[Items from a dataset]
• • • • •
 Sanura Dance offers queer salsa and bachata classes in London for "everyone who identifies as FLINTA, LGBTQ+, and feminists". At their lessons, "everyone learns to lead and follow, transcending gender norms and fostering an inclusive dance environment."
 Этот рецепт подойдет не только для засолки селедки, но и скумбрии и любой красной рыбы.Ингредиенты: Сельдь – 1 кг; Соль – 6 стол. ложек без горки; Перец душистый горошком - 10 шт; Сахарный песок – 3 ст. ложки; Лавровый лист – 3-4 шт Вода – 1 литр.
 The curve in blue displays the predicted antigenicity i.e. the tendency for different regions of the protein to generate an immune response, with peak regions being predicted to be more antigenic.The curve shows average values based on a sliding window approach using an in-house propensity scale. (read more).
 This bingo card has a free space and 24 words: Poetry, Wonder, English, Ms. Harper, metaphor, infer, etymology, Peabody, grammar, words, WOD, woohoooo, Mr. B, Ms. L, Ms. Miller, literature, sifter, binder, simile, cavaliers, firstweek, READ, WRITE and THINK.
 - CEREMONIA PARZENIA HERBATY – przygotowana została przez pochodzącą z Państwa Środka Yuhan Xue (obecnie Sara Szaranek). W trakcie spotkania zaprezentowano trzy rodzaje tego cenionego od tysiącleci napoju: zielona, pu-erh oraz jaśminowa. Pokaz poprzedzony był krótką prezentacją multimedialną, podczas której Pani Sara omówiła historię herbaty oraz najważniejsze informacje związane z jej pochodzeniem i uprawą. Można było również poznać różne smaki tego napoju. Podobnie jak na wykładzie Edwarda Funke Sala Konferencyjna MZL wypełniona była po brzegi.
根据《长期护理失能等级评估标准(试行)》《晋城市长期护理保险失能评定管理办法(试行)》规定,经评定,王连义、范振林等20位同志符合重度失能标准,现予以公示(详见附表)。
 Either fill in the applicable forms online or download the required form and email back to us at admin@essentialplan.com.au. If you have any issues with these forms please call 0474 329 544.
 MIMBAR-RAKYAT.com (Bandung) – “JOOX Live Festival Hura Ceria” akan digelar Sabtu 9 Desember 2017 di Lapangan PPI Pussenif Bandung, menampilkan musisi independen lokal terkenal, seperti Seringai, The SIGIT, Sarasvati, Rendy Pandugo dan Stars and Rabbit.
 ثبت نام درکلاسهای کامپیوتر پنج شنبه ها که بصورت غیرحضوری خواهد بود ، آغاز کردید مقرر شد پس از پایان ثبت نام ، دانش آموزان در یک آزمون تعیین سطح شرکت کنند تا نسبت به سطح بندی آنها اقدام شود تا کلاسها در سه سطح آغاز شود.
• • • • •
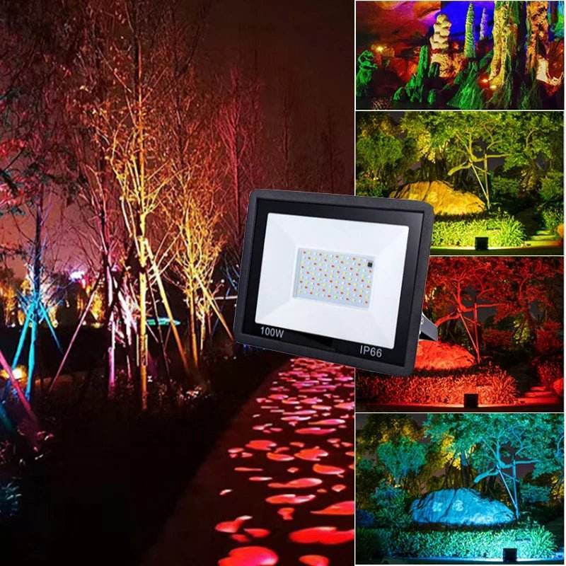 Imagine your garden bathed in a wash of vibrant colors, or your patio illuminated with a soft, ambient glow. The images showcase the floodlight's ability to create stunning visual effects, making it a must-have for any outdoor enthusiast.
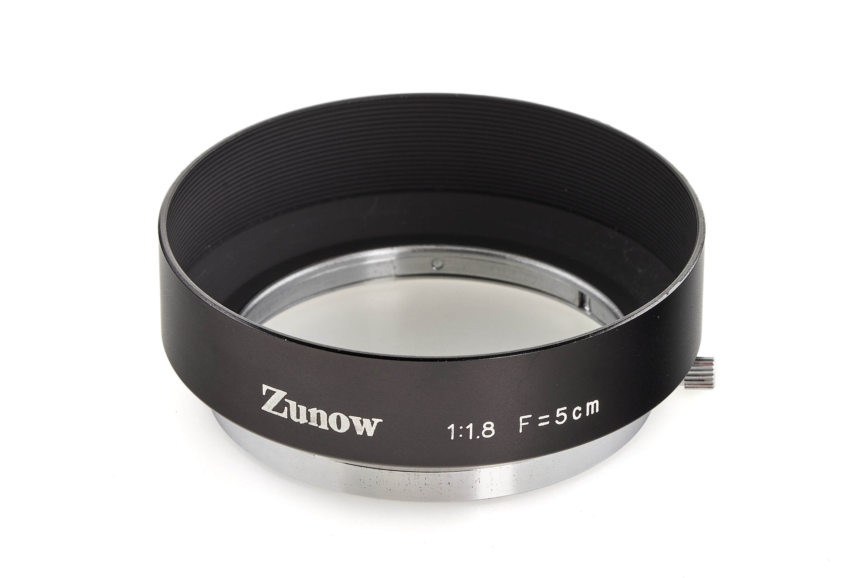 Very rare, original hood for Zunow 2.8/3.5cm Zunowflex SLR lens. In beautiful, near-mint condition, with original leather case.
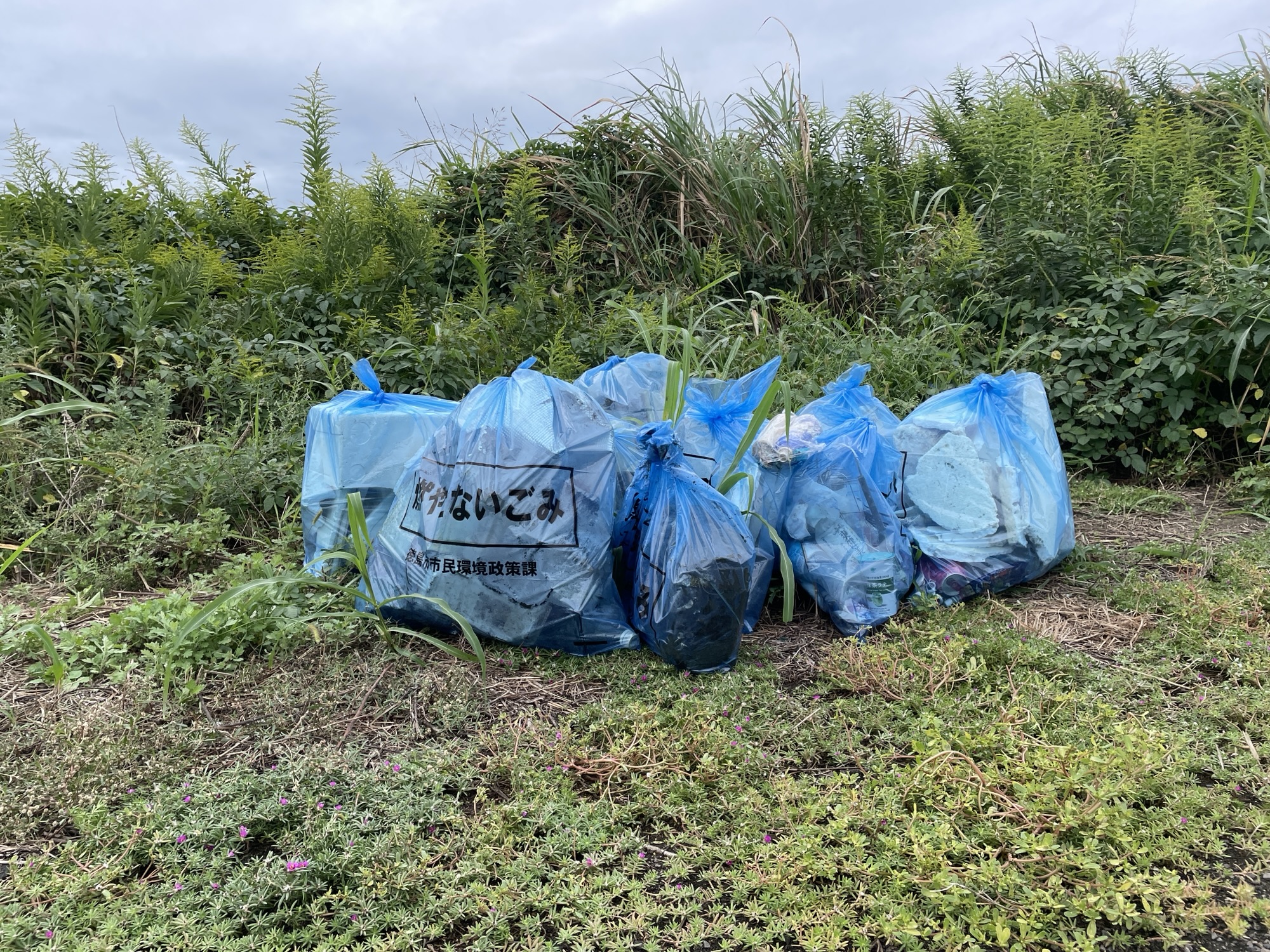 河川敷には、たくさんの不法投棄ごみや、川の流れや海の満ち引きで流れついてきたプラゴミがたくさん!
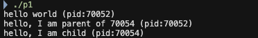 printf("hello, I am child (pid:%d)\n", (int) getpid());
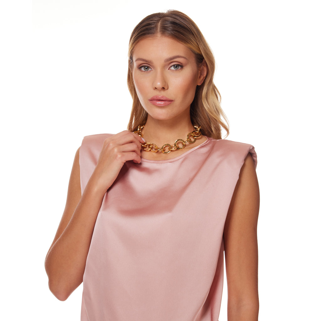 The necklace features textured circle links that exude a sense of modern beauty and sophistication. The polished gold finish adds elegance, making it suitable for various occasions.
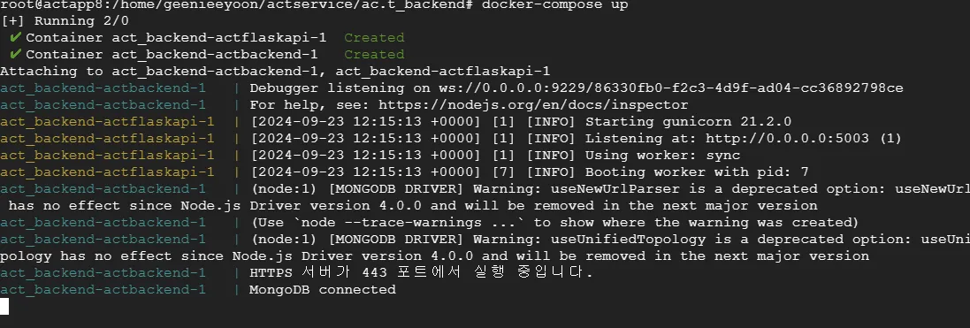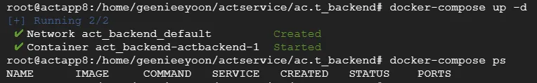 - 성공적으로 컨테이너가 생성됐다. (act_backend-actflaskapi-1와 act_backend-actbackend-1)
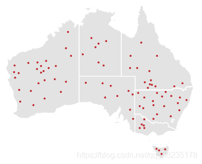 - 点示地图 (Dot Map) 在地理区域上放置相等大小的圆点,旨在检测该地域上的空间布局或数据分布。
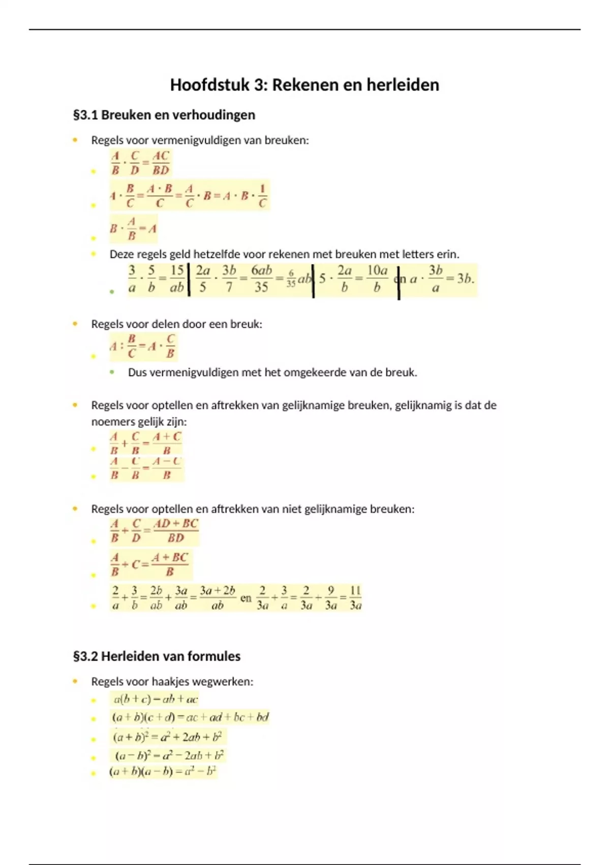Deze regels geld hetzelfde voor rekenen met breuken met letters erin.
• • • • •
Would you write out exactly the lines above, starting at the line containing "Very rare, original" and stopping after the line containing "Deze regels geld"? Omit the pictures.

 Very rare, original hood for Zunow 2.8/3.5cm Zunowflex SLR lens. In beautiful, near-mint condition, with original leather case.
 河川敷には、たくさんの不法投棄ごみや、川の流れや海の満ち引きで流れついてきたプラゴミがたくさん!
 printf("hello, I am child (pid:%d)\n", (int) getpid());
 The necklace features textured circle links that exude a sense of modern beauty and sophistication. The polished gold finish adds elegance, making it suitable for various occasions.
 - 성공적으로 컨테이너가 생성됐다. (act_backend-actflaskapi-1와 act_backend-actbackend-1)
 - 点示地图 (Dot Map) 在地理区域上放置相等大小的圆点,旨在检测该地域上的空间布局或数据分布。
Deze regels geld hetzelfde voor rekenen met breuken met letters erin.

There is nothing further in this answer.